As much as I admire my brother’s strength and courage, I just couldn’t fully wrap my brain around that kind of faith or soul strength. Little did I know at the time, God was teaching me through Steve things I would need in the very near future! It wasn’t until shortly after receiving my diagnosis of CLL that these lessons would begin to resonate within me.

Being the youngest of seven, I have always been very competitive. I have always felt the need to succeed in whatever I take on and get attention for my accomplishments. I would rather win someone’s respect and admiration rather than their pity.
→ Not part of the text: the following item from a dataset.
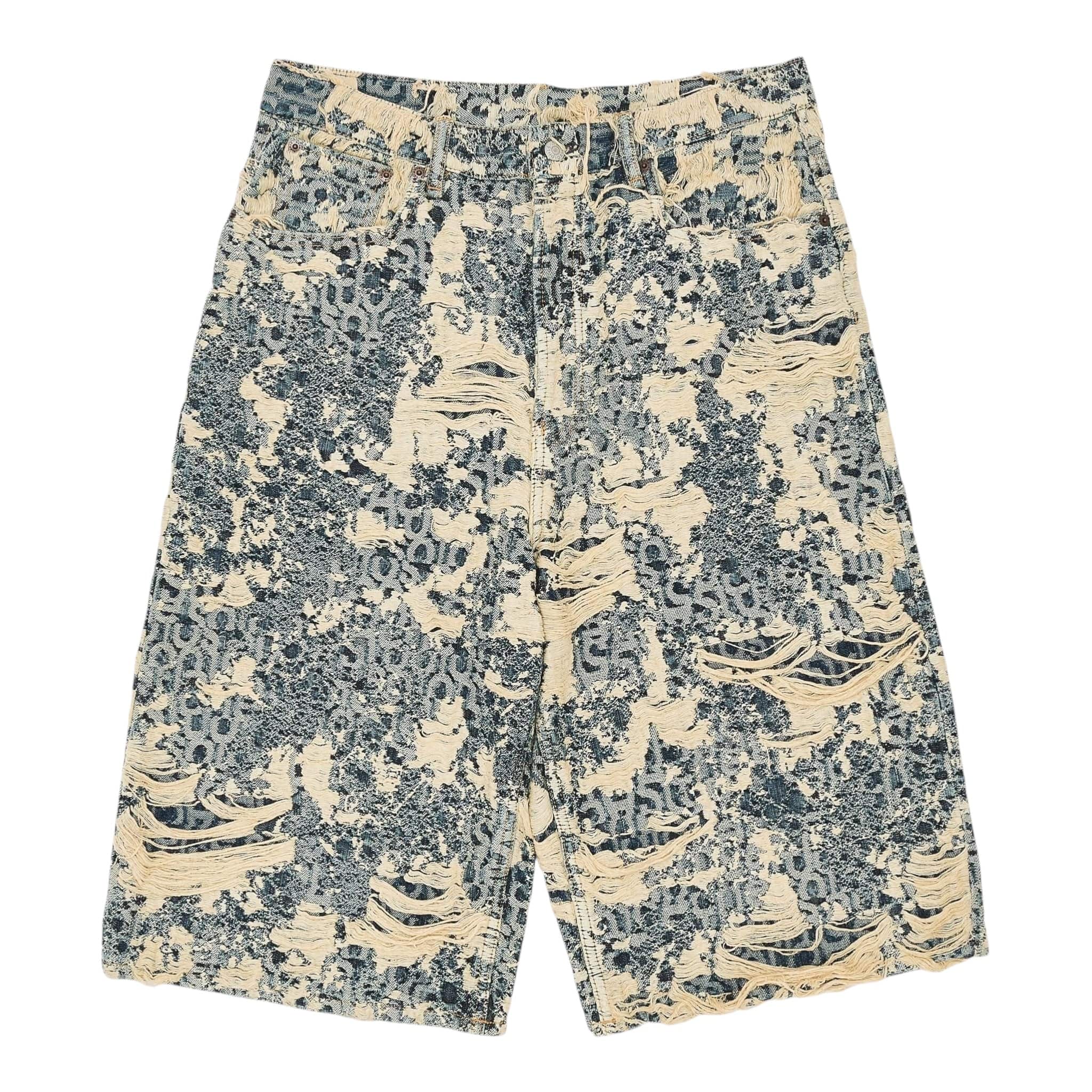 Acne Studios Judda Jaquard Distressed Denim Shorts Mid Blue
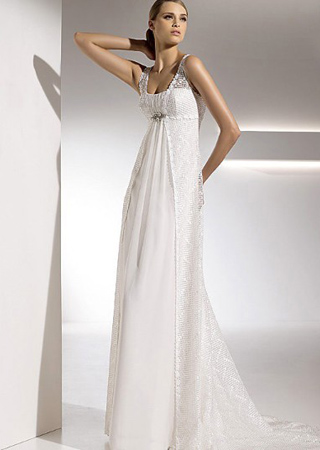 同樣的潔白色婚紗,簡(jiǎn)單明了的造型沒(méi)有一絲的多余,使得新娘看起來(lái)出水芙蓉般的出塵脫俗,而當(dāng)一件輕紗式的外罩輕輕地籠罩在了新娘的身上時(shí),卻給這份出塵之姿增添了一絲的嫵媚,整件外罩在腰肢中央被一個(gè)小小的銀色卡扣系住,讓新娘如同籠罩在了一片云霧之中,迷離且動(dòng)人。 |

When I was diagnosed I had the same choice Steve faced. The same choice everyone has when facing a huge hurdle or life changing event: Lie down and let it consume me or stand tall and fight! Being a highly competitive person I could not entertain the thought of lying down and crying ‘woe is me…’ Sure it knocked me down hard for a bit. My wife said ‘today we will cry but tomorrow we will roll up our sleeves and fight this with everything we have!’ In the days and weeks that followed I would slowly begin to see myself gaining the same strength of faith as Steve had. Our conversations about faith and cancer began to ring in my ears and at times, I feel him with me. I feel his love.